= Beginning of Section =

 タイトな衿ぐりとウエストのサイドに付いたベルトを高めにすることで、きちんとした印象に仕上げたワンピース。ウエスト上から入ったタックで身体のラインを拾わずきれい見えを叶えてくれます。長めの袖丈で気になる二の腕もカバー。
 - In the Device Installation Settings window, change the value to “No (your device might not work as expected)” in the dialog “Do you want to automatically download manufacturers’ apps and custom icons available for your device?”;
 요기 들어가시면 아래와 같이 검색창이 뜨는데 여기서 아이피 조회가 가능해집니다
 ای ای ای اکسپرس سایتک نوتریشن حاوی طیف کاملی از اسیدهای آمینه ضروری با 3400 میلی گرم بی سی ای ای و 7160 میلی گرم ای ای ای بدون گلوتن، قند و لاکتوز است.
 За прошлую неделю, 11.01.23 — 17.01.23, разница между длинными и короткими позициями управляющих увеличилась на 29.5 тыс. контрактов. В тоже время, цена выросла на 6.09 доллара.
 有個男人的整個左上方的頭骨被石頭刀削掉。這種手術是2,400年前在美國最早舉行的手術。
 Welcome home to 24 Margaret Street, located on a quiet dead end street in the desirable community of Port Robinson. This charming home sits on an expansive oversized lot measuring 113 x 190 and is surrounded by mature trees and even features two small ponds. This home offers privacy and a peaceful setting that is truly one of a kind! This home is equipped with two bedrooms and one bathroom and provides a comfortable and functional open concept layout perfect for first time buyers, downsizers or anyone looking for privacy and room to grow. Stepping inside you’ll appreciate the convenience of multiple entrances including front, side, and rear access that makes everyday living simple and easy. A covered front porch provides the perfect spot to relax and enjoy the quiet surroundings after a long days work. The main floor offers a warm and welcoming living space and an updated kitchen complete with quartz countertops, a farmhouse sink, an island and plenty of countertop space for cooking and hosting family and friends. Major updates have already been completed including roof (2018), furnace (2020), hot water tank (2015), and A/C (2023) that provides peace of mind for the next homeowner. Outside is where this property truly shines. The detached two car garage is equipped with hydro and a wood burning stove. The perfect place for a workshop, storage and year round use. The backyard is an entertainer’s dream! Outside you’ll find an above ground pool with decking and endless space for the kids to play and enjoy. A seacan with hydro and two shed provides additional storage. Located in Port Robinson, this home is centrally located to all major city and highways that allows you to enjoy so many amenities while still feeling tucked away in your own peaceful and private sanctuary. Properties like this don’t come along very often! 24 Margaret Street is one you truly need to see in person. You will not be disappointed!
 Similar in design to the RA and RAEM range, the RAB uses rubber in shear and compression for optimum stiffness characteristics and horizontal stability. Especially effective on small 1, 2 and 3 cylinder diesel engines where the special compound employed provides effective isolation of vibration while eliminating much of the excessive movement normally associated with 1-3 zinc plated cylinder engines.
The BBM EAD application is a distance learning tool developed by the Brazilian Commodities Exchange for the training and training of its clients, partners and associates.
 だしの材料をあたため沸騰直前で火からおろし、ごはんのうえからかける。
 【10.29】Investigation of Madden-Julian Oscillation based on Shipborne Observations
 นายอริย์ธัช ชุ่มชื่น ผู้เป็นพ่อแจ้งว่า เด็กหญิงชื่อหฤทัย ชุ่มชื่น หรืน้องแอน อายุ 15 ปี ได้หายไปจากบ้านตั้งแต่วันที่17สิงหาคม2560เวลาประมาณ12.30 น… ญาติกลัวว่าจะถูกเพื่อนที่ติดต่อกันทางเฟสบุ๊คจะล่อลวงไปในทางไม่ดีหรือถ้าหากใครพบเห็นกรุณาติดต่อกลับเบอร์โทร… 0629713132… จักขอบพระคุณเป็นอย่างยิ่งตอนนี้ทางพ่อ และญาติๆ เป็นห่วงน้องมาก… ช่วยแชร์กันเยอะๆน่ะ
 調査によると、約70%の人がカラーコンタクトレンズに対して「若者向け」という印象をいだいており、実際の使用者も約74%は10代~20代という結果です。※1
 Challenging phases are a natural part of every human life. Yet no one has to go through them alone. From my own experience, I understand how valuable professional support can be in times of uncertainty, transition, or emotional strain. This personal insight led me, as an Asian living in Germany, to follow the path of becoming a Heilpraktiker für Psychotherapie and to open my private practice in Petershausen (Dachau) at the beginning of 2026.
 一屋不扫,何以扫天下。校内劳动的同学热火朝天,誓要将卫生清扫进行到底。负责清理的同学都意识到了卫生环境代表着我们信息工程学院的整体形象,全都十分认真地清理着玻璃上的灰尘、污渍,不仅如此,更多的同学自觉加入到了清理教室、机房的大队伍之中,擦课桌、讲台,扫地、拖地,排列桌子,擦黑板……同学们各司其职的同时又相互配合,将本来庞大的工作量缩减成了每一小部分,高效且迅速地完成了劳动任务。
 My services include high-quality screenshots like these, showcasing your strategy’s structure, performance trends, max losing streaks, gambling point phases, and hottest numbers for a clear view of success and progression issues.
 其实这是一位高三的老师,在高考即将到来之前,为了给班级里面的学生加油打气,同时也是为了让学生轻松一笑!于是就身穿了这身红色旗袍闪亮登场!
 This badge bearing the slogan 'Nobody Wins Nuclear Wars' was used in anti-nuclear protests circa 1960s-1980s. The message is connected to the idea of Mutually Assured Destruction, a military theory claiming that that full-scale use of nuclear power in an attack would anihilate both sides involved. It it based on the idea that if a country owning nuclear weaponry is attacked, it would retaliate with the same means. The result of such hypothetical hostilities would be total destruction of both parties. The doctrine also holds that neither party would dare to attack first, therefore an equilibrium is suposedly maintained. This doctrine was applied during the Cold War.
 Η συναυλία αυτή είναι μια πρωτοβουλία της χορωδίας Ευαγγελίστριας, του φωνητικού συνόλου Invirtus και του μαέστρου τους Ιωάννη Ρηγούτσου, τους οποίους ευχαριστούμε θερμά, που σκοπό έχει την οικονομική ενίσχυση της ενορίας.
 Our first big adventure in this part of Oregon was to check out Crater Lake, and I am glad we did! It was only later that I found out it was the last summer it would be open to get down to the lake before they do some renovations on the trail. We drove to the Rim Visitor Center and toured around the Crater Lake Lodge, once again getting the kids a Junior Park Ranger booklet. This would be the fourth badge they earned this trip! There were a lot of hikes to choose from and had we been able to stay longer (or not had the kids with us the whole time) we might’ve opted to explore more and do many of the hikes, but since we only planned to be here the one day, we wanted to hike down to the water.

= End of Section =

# [Exercise goal]
Retype the records above exactly, from their first line through the line that contains "요기 들어가시면 아래와 같이 검색창이 뜨는데 여기서 아이피 조회가 가능해집니다", and stop there.

# [Answer box]
 タイトな衿ぐりとウエストのサイドに付いたベルトを高めにすることで、きちんとした印象に仕上げたワンピース。ウエスト上から入ったタックで身体のラインを拾わずきれい見えを叶えてくれます。長めの袖丈で気になる二の腕もカバー。
 - In the Device Installation Settings window, change the value to “No (your device might not work as expected)” in the dialog “Do you want to automatically download manufacturers’ apps and custom icons available for your device?”;
 요기 들어가시면 아래와 같이 검색창이 뜨는데 여기서 아이피 조회가 가능해집니다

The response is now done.